One of the factors of the success of AWS was that Amazon had already built up a surplus of computing power, and all it had to do was put an interface on top of what existed so that a user could easily use it. Creating virtualized experimentation like this would require significant economies of scale before any typical scientist would remotely consider using it, based on price alone. It’s not that AWS drastically reduced the cost of computational power (it still is marginally cheaper than buying and setting up your own box), it’s that the offerings were tiered enough so that you had the right amount of power at just the right price.

While the bar for cost is somewhat high with the surplus of overqualified talent, this could actually turn into a benefit as the underemployed postdocs could suddenly spend their time more efficiently. Robots won’t replace the humans here, but instead could create a massive opportunity to do more. I think we’d see a spectacular spike in the amount of new science unleashed. See today’s software development stack and the tidal wave of new jobs and innovation that came as a result.

Realistically, I believe that cost is the main explanation for why something like this hasn’t already succeeded.

Trouble shooting

This to me seems like a pain, as most scientists see quality assurance as something of an afterthought, only after you’ve received the data and analyzed it. Even bigger of a problem would be receiving a false negative and attempting to understand where the protocol went wrong. Of course, this could just be solved by repeating the experiment in the lab yourself (god forbid), but the current solution of just having good documentation might not help. The one unverisal constant in science is that experiments never go according to plan, and abstracting the scientific method may result in loss of clarity of the data.

Vendors

Not all of the initial services will be readily accessible. This is more important in terms of the business strategy, but I think the preferred way to scale would be to identify high margin processes to start with, and identify vendors to take care of the rest. In other words, I don’t think you could beat IDT at DNA preparation of submitted sequences, but maybe you could build a better platform for directed evolution high throughput screening.

Compatibility

Not a long term challenge, but something that could either greatly hinder adoption or speed it up.

Tiering of services

Similar to how for web hosting there are managed warehouses to rent-this-space-in-our-datacenter, hosting options today are still pretty varied. AWS hasn’t killed managed hosting solutions, and there would likely still be a need for managed experimentation environments. Something like Science Exchange would be the equivalent of a private cloud service, and so building and scaling a front-of-office sales team is a non-trivial task.

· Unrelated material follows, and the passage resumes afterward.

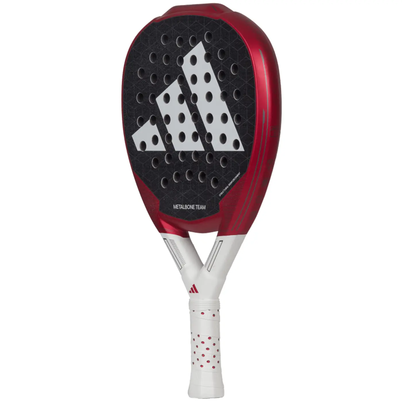 La Adidas METALBONE TEAM 3.3 2024 responde a cualquier reto que se le plantee. Es una pala para jugadores de alto nivel. En ella encontrarás la mejor aliada en el juego de ataque gracias a las tecnologías Octagonal Structure y Structural Reinforcement, que aseguran una rigidez absoluta. La combinación de materiales de la fibra de vidrio en la superficie y la goma EVA Soft Performance en el interior garantiza el mejor equilibrio. La rugosidad en la superficie del Spin Blade Gritt sumada a la disposición de los agujeros del Smart Holes Curve proporciona una capacidad incomparable de generar efectos.
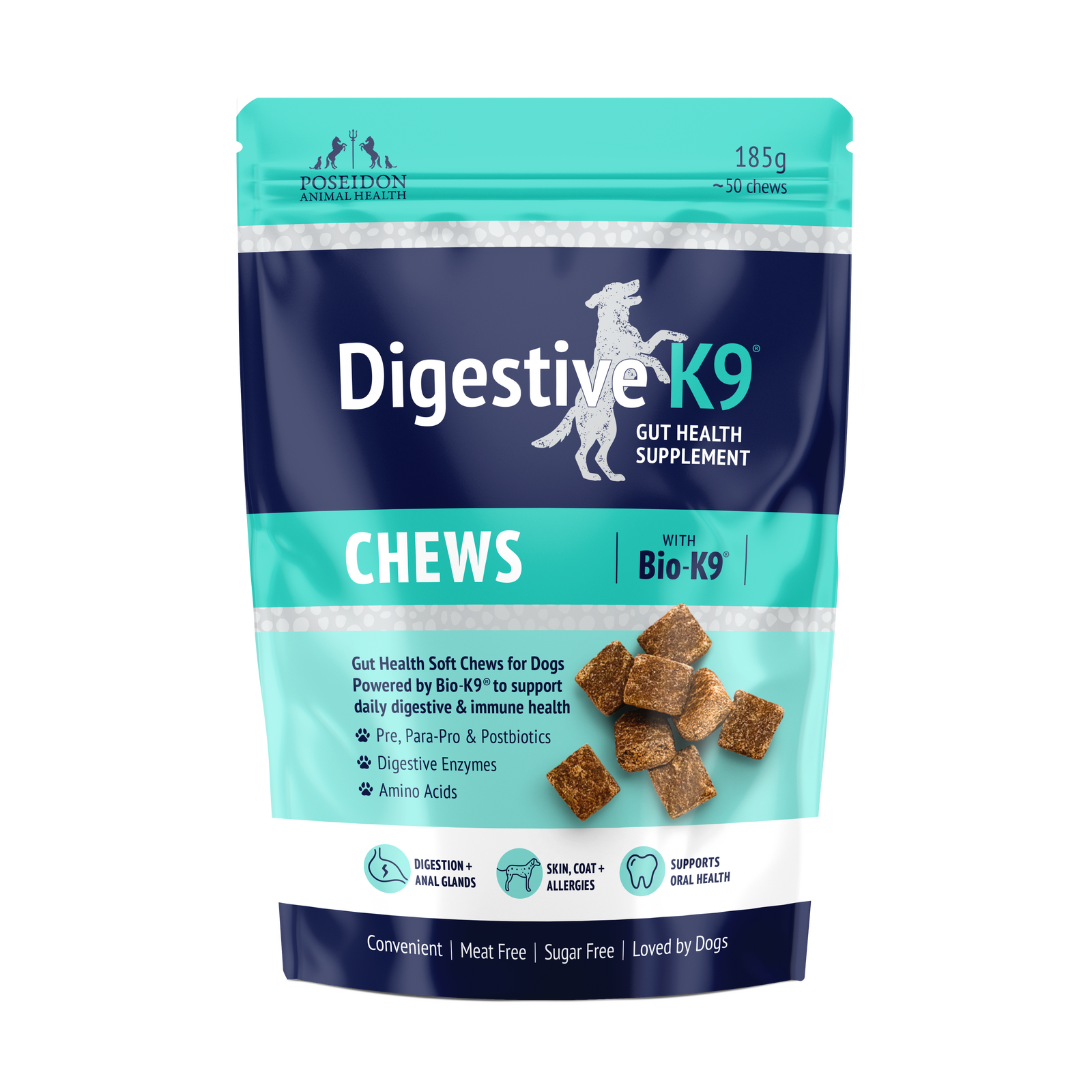 DigestiveK9 Chews combines amino acids, digestive enzymes and a unique blend of Pre, Para-Pro and Postbiotics to support the WHOLE of the gut - available in a convenient soft chew. Always consult your veterinarian for specific advice for your dog.

This is still really rough, and there’s likely a lot I’m glossing over and forgetting, but here’s one cool tidbit about the potential use of this kind of platform. Getting this system to work in space would likely require a lot of the same technology to get this to work in the first place. Example - doing any sort of protein X-ray analysis (to examine protein folding in microgravity which is scientifically interesting) in space is a pain because you’re taking already purified protein in solution, putting it in a rocket, growing the crystal in space, etc. This takes forever because of scheduling hassles. Instead, if you had a system for doing remote expression, purification, and analysis, all in space, then you could reduce the payload to raw materials and it’s just a matter of working in software.